Data shown —
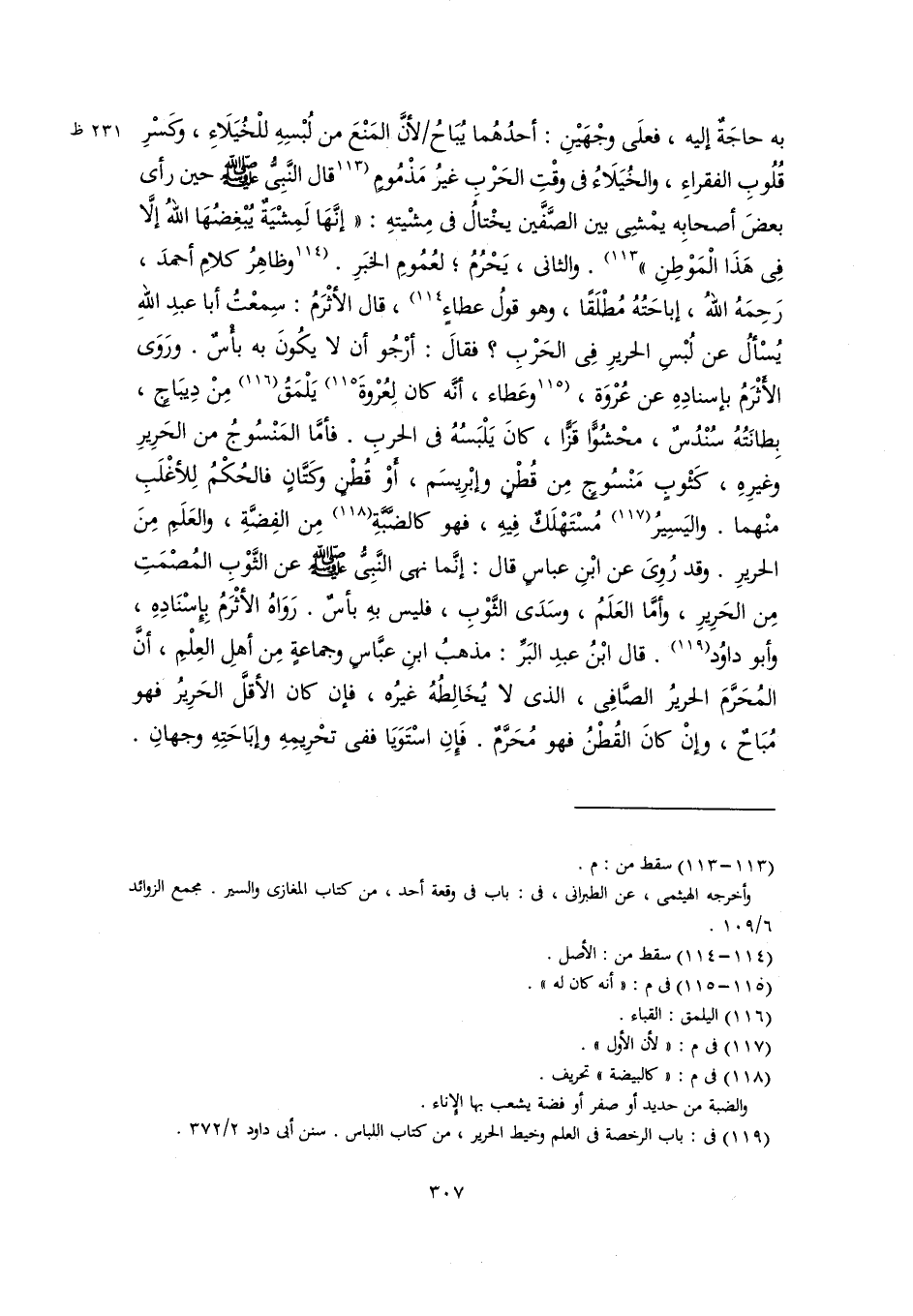 به حاجَةٌ إليه، فعلَى وجْهَيْنِ: أحدُهُما يُبَاحُ لأنَّ المَنْعَ من لُبْسِهِ للْخُيَلَاءِ، وكَسْرِ قُلُوبِ الفقراءِ، والخُيَلَاءُ في وقْتِ الحَرْبِ غيرُ مَذْمُومٍ [قال النَّبِىُّ -صلى اللَّه عليه وسلم- حين رأى بعضَ أصحابِه يمْشِى بين الصَّفَّين يخْتالُ في مِشْيتهِ: "إنَّهَا لَمِشْيَةٌ يُبْغِضُهَا اللهُ إلَّا فِي هَذَا الْمَوْطِنِ"] (١١٣). والثانى، يَحْرُمُ؛ لعُمُومِ الخبَرِ. [وظاهِرُ كلامِ أحمدَ، رَحِمَهُ اللهُ، إباحَتُهُ مُطْلَقًا، وهو قولُ عطاءٍ] (١١٤)، قال الأثْرَمُ: سِمعْتُ أبا عبدِ اللهِ يُسْألُ عن لُبْسِ الحريرِ في الحَرْبِ؟ فقالَ: أرْجُو أن لا يكُونَ به بأْسٌ. ورَوَى الأَثْرَمُ بإسنادِهِ عن عُرْوَة، [وعَطاء، أنَّه كان لِعُرْوةَ] (١١٥) يَلْمَقُ (١١٦) مِنْ دِيبَاجٍ، بِطانَتُهُ سُنْدُسٌ، محْشُوًّا قَزًّا، كانَ يَلْبَسُهُ في الحربِ. فأمَّا المَنْسُوجُ من الحَرِيرِ وغيرِهِ، كَثْوبٍ مَنْسُوجٍ مِن قُطْنٍ وإبْرِيسَم، أَوْ قُطْنٍ وكَتَّانٍ فالحُكْمُ لِلأغْلَبِ منْهما. واليَسِيرُ (١١٧) مُسْتَهْلَكٌ فِيهِ، فهو كالضَّبَّةِ (١١٨) مِن الفِضَّةِ، والعَلَمِ مِنَ الحريرِ. وقد رُوِىَ عن ابْنِ عبَّاسٍ قال: إنَّما نهى النَّبِىُّ -صلى اللَّه عليه وسلم- عن الثَّوْبِ المُصْمَتِ مِن الحَرِيرِ، وأمَّا العَلَمُ، وسَدَى الثَّوْبِ، فليس بهِ بأْسٌ. رَوَاهُ الأثْرَمُ بِإِسْنَادِهِ، وأبو داوُد (١١٩). قال ابْنُ عبدِ البَرِّ: مذهبُ ابنِ عبَّاسٍ وجماعةٍ مِن أهلِ العِلْمِ، أنَّ المُحَرَّمَ الحريرُ الصَّافِى، الذي لا يُخَالِطُهُ غيرُه، فإن كان الأقلَّ الحَرِيرُ فهو مُبَاحٌ، وإنْ كانَ القُطْنُ فهو مُحَرَّمٌ. فَإِنِ اسْتَوَيَا ففى تحْرِيمِهِ وإبَاحَتِهِ وجهانِ.
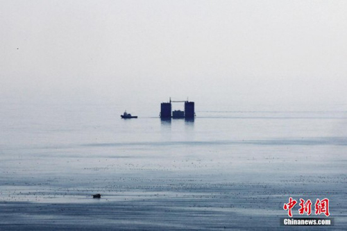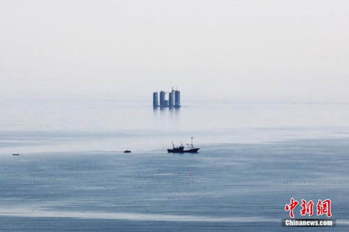 3月19日上午,山东省青岛西海岸新区灵山湾海域,正在海边散步的市民发现,在灵山岛附近,海平面出现几座高楼状的物体,原本空荡的海平面突然出现这样的奇景,多数人猜测这是“海市蜃楼”。据了解,海市蜃楼是一种因光的折射和全反射而形成的自然现象,是地球上物体反射的光经大气折射而形成的虚像。2010年和2011年该区出现过两次海市蜃楼,一处在灵山岛附近海域,另外一次是在大珠山顶。(中新社发 王培珂 摄)
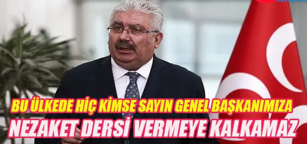 Bu ülkede hiç kimse Sayın Genel Başkanımıza nezaket dersi vermeye kalkamaz. Sayın genel başkanımızın Türkiye Cumhuriyeti Cumhurbaşkanlığı makamına gösterdiği saygı milletimizin malumudur.
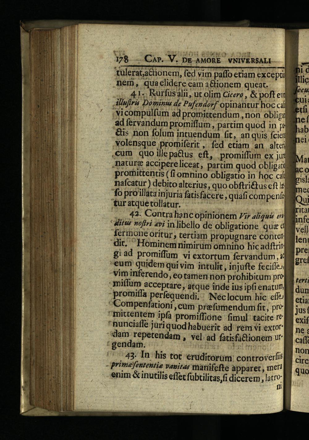 178— Car. V. DE AMORE VNIVERSALI tülerataGtionem, fed vim paffo etiam exceptip nem, qua elidere eam a&tionem queat. A41. kurfusali, ut olim Cicere,& poft eu Miufiris Dominus de Pufendorf opinantur hoc cáfj . vicompulfüm ad promittendum, non oblig: ad fervandum promiffum, partim quod in psg &is non folum intuendum fit, an quis fci volensque promiferit, fed etiam an alte cum quoillepa&us eft, promiffum ex jui nature accipere liceat, partim quod obliga promittentis(fi omnino obligatio in hoc c:
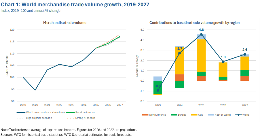 The report finds that merchandise trade volume growth would drop from 4.6% in 2025 to 1.9% in 2026 before picking up to 2.6% in 2027 while services trade volume would see growth easing from 5.3% in 2025 to 4.8% in 2026, then rising to 5.1% in 2027.
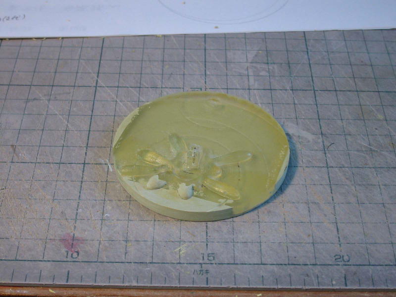 四角の台座を丸型に改造。 ワンフェス販売の1/15シリーズの規格に合わせた形。 なんだ規格って。 |

Work task — Omitting the images, transcribe every record exactly.

Written solution —
 به حاجَةٌ إليه، فعلَى وجْهَيْنِ: أحدُهُما يُبَاحُ لأنَّ المَنْعَ من لُبْسِهِ للْخُيَلَاءِ، وكَسْرِ قُلُوبِ الفقراءِ، والخُيَلَاءُ في وقْتِ الحَرْبِ غيرُ مَذْمُومٍ [قال النَّبِىُّ -صلى اللَّه عليه وسلم- حين رأى بعضَ أصحابِه يمْشِى بين الصَّفَّين يخْتالُ في مِشْيتهِ: "إنَّهَا لَمِشْيَةٌ يُبْغِضُهَا اللهُ إلَّا فِي هَذَا الْمَوْطِنِ"] (١١٣). والثانى، يَحْرُمُ؛ لعُمُومِ الخبَرِ. [وظاهِرُ كلامِ أحمدَ، رَحِمَهُ اللهُ، إباحَتُهُ مُطْلَقًا، وهو قولُ عطاءٍ] (١١٤)، قال الأثْرَمُ: سِمعْتُ أبا عبدِ اللهِ يُسْألُ عن لُبْسِ الحريرِ في الحَرْبِ؟ فقالَ: أرْجُو أن لا يكُونَ به بأْسٌ. ورَوَى الأَثْرَمُ بإسنادِهِ عن عُرْوَة، [وعَطاء، أنَّه كان لِعُرْوةَ] (١١٥) يَلْمَقُ (١١٦) مِنْ دِيبَاجٍ، بِطانَتُهُ سُنْدُسٌ، محْشُوًّا قَزًّا، كانَ يَلْبَسُهُ في الحربِ. فأمَّا المَنْسُوجُ من الحَرِيرِ وغيرِهِ، كَثْوبٍ مَنْسُوجٍ مِن قُطْنٍ وإبْرِيسَم، أَوْ قُطْنٍ وكَتَّانٍ فالحُكْمُ لِلأغْلَبِ منْهما. واليَسِيرُ (١١٧) مُسْتَهْلَكٌ فِيهِ، فهو كالضَّبَّةِ (١١٨) مِن الفِضَّةِ، والعَلَمِ مِنَ الحريرِ. وقد رُوِىَ عن ابْنِ عبَّاسٍ قال: إنَّما نهى النَّبِىُّ -صلى اللَّه عليه وسلم- عن الثَّوْبِ المُصْمَتِ مِن الحَرِيرِ، وأمَّا العَلَمُ، وسَدَى الثَّوْبِ، فليس بهِ بأْسٌ. رَوَاهُ الأثْرَمُ بِإِسْنَادِهِ، وأبو داوُد (١١٩). قال ابْنُ عبدِ البَرِّ: مذهبُ ابنِ عبَّاسٍ وجماعةٍ مِن أهلِ العِلْمِ، أنَّ المُحَرَّمَ الحريرُ الصَّافِى، الذي لا يُخَالِطُهُ غيرُه، فإن كان الأقلَّ الحَرِيرُ فهو مُبَاحٌ، وإنْ كانَ القُطْنُ فهو مُحَرَّمٌ. فَإِنِ اسْتَوَيَا ففى تحْرِيمِهِ وإبَاحَتِهِ وجهانِ.
 3月19日上午,山东省青岛西海岸新区灵山湾海域,正在海边散步的市民发现,在灵山岛附近,海平面出现几座高楼状的物体,原本空荡的海平面突然出现这样的奇景,多数人猜测这是“海市蜃楼”。据了解,海市蜃楼是一种因光的折射和全反射而形成的自然现象,是地球上物体反射的光经大气折射而形成的虚像。2010年和2011年该区出现过两次海市蜃楼,一处在灵山岛附近海域,另外一次是在大珠山顶。(中新社发 王培珂 摄)
 Bu ülkede hiç kimse Sayın Genel Başkanımıza nezaket dersi vermeye kalkamaz. Sayın genel başkanımızın Türkiye Cumhuriyeti Cumhurbaşkanlığı makamına gösterdiği saygı milletimizin malumudur.
 178— Car. V. DE AMORE VNIVERSALI tülerataGtionem, fed vim paffo etiam exceptip nem, qua elidere eam a&tionem queat. A41. kurfusali, ut olim Cicere,& poft eu Miufiris Dominus de Pufendorf opinantur hoc cáfj . vicompulfüm ad promittendum, non oblig: ad fervandum promiffum, partim quod in psg &is non folum intuendum fit, an quis fci volensque promiferit, fed etiam an alte cum quoillepa&us eft, promiffum ex jui nature accipere liceat, partim quod obliga promittentis(fi omnino obligatio in hoc c:
 The report finds that merchandise trade volume growth would drop from 4.6% in 2025 to 1.9% in 2026 before picking up to 2.6% in 2027 while services trade volume would see growth easing from 5.3% in 2025 to 4.8% in 2026, then rising to 5.1% in 2027.
 四角の台座を丸型に改造。 ワンフェス販売の1/15シリーズの規格に合わせた形。 なんだ規格って。 |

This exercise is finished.